*What is expected:*
Write out the listing from the line with "이중넥 처리로 카라와" to the line with "found nothing wrong.", both lines included, exactly and nothing beyond. Leave pictures out.

*Records for this exercise:*
[Start of Attachment]

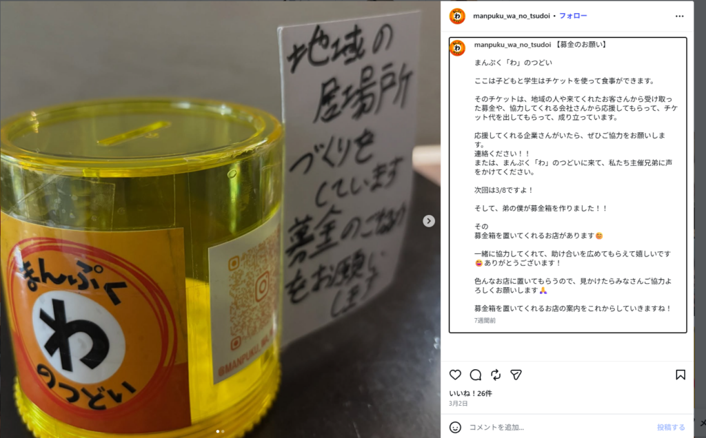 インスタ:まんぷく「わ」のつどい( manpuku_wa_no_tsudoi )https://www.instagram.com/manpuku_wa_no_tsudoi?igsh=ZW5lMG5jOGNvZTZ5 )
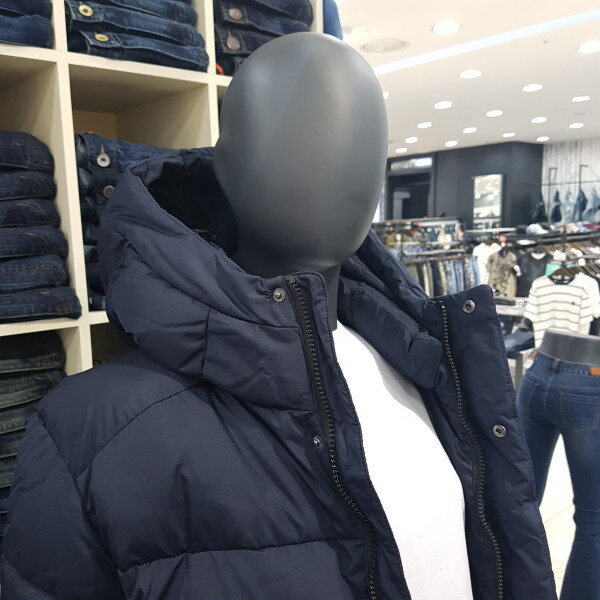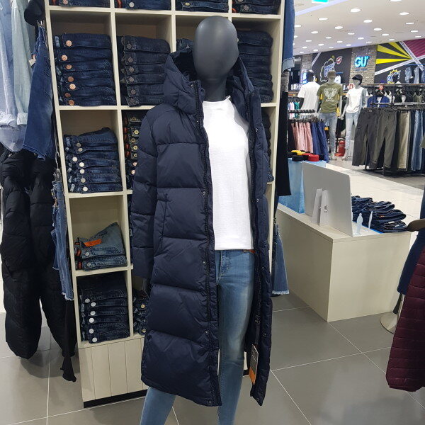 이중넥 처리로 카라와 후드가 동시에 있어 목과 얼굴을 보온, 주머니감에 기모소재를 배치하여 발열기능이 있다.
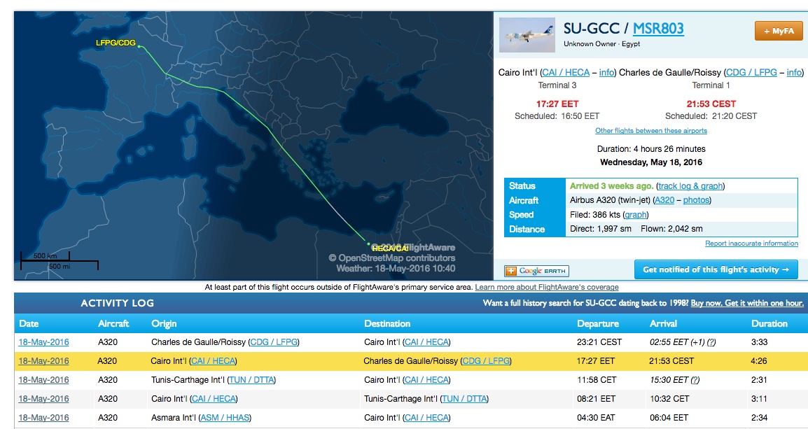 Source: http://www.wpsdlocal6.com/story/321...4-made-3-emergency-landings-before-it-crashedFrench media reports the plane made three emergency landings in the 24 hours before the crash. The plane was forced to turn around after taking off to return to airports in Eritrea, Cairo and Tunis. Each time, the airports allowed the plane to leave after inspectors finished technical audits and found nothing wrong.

[End of Attachment]
[Start of Attachment]

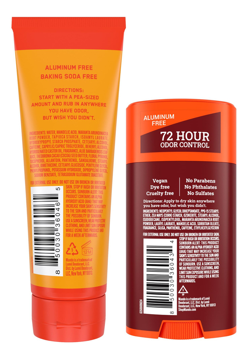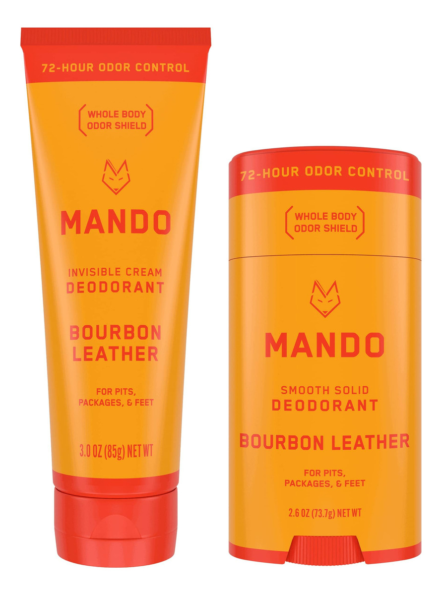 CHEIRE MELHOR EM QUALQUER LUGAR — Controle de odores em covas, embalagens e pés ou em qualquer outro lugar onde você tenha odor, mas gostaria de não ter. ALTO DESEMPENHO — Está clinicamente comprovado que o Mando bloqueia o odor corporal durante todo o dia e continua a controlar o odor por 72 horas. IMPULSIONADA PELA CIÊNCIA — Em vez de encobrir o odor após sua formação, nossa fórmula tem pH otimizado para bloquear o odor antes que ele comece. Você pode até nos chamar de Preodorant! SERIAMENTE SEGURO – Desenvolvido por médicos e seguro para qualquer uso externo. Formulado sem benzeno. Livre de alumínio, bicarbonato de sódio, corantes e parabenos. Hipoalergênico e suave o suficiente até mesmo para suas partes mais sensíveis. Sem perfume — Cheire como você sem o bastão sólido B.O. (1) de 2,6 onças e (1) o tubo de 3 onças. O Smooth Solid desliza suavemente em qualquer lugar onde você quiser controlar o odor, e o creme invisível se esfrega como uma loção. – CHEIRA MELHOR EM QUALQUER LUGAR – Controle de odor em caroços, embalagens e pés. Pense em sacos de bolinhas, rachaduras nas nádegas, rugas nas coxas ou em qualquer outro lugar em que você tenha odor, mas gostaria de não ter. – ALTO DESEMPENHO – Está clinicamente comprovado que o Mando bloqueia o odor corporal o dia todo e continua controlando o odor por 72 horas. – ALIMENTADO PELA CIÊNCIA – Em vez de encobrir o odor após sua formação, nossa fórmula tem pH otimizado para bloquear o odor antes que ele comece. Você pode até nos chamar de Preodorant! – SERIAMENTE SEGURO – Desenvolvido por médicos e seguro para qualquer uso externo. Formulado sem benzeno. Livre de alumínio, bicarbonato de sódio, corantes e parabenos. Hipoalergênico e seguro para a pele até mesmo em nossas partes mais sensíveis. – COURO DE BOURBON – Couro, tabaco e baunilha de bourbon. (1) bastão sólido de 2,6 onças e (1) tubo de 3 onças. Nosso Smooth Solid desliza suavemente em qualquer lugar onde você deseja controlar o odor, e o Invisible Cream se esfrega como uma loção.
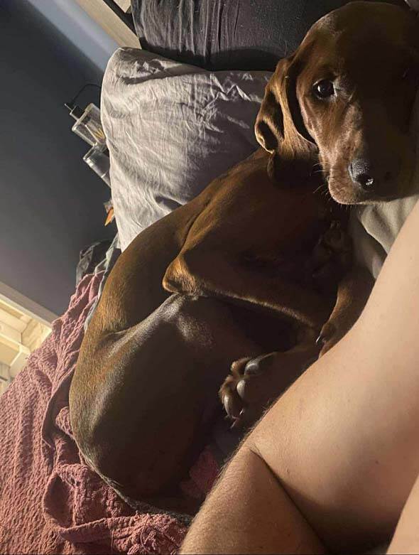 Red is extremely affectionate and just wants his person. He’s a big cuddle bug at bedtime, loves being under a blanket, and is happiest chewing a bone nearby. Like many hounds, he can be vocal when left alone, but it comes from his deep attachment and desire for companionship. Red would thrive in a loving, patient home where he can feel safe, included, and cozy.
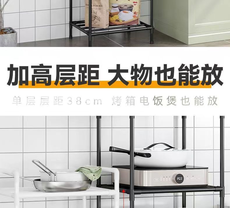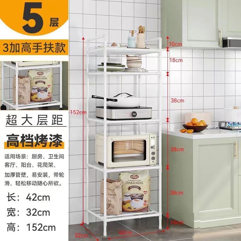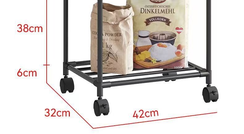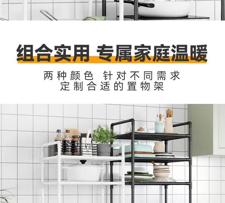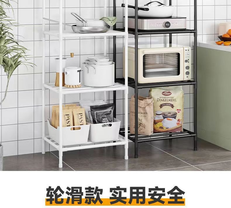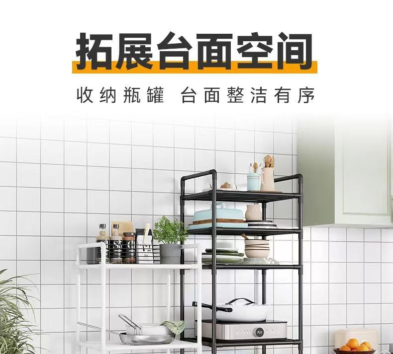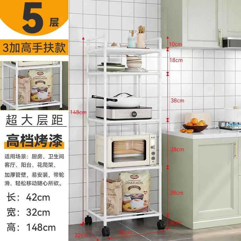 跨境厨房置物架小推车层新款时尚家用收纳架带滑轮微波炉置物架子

[End of Attachment]

*Written solution:*
 이중넥 처리로 카라와 후드가 동시에 있어 목과 얼굴을 보온, 주머니감에 기모소재를 배치하여 발열기능이 있다.
 Source: http://www.wpsdlocal6.com/story/321...4-made-3-emergency-landings-before-it-crashedFrench media reports the plane made three emergency landings in the 24 hours before the crash. The plane was forced to turn around after taking off to return to airports in Eritrea, Cairo and Tunis. Each time, the airports allowed the plane to leave after inspectors finished technical audits and found nothing wrong.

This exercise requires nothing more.